*** Block opens ***

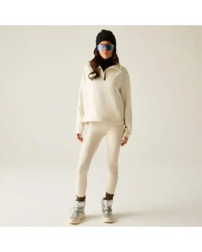 Női polár felső, Prémium női technikai pulóver – puha, bolyhos belsejû poliészter/elasztán anyagból, Ez a kényelmes és sokoldalú női technikai pulóver ideális rétegezéshez, túrázáshoz és szabadidős viselethez. Bolyhos belső felületû poliészter/elasztán dzsörzé anyaga puha tapintású, meleg és rugalmas, így kiváló mozgásszabadságot biztosít. A kenguru stílusú alsó zseb és a 1/4 hosszúságú cipzár fokozza a praktikusságot, a laza szabás pedig kényelmes illeszkedést nyújt egész nap., Puha, bolyhos belsejû poliészter/elasztán dzsörzé anyag, Kenguru stílusú alsó zseb, 1/4 hosszúságú cipzár a könnyû öltözködésért és szellőzésért, Laza szabás a kényelem érdekében, Ajánlott: prémium női technikai pulóver túrázáshoz, rétegezéshez, sportos mindennapi viselethez és átmeneti időjáráshoz.
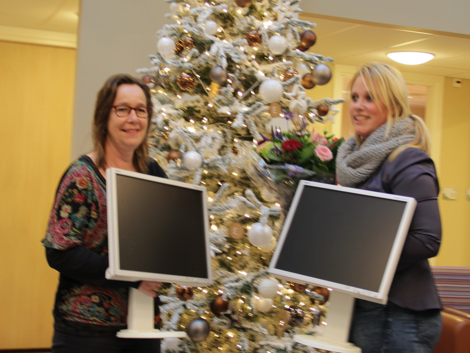 Foto: Zoë Berntsen van Liemerije draagt namens Hetty Kruijswijk de beeldschermen over aan Marie-José van der Velden van Bibliotheek de Liemers.
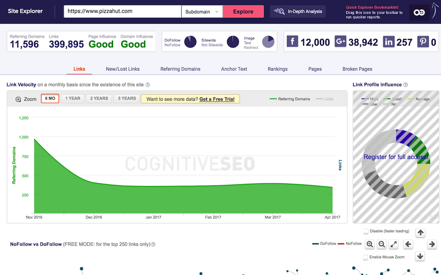 CognitiveSEO ofrece una versión gratuita de su backlink explorer.
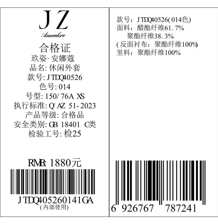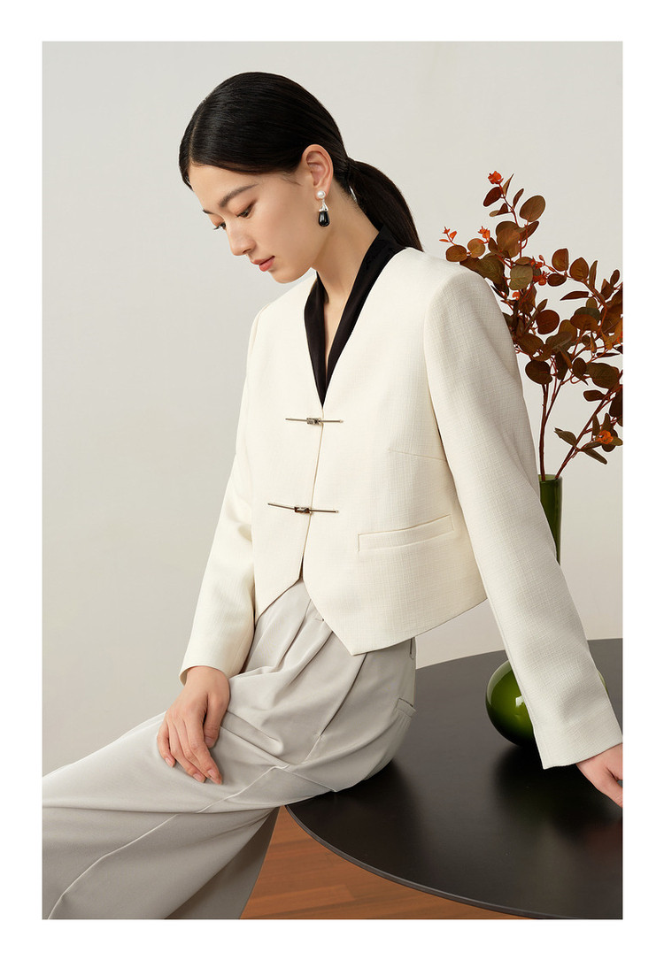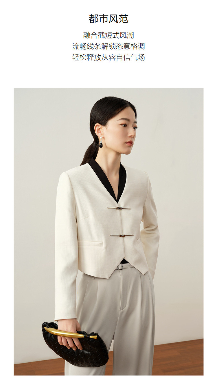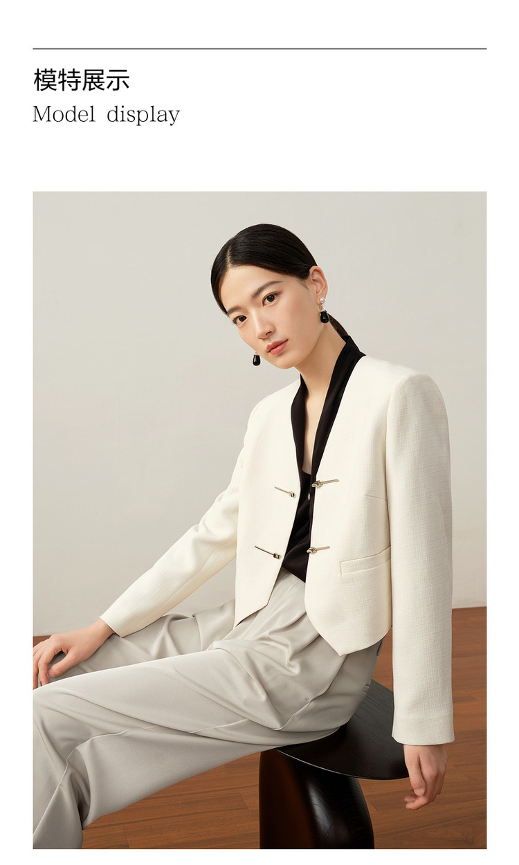 商品名称:玖姿旗下安娜蔻系列新中式国风直筒醋酸西装外套女秋季 848652
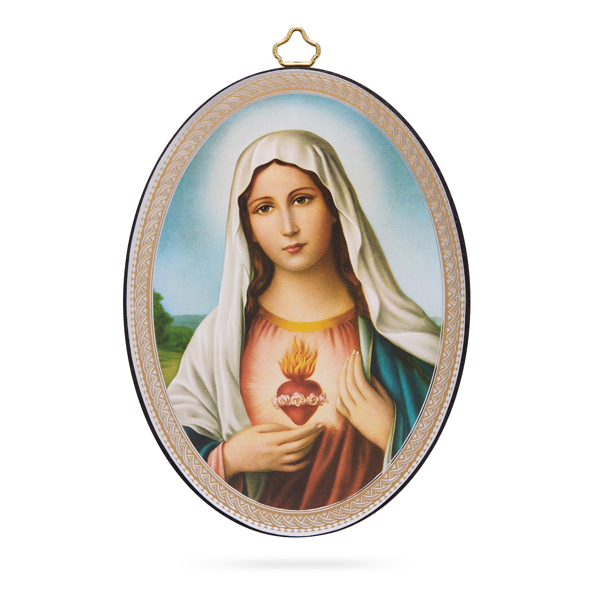 Icono Ovale De Madera Del Inmaculado Corazón De María

*** Block closes ***

Task requirements: From the line containing "商品名称:玖姿旗下安娜蔻系列新中式国风直筒醋酸西装外套女秋季 848652" to the last line of the records above, return each line exactly, both ends included, and nothing more. Leave out the pictures.

Solution to the exercise:
 商品名称:玖姿旗下安娜蔻系列新中式国风直筒醋酸西装外套女秋季 848652
 Icono Ovale De Madera Del Inmaculado Corazón De María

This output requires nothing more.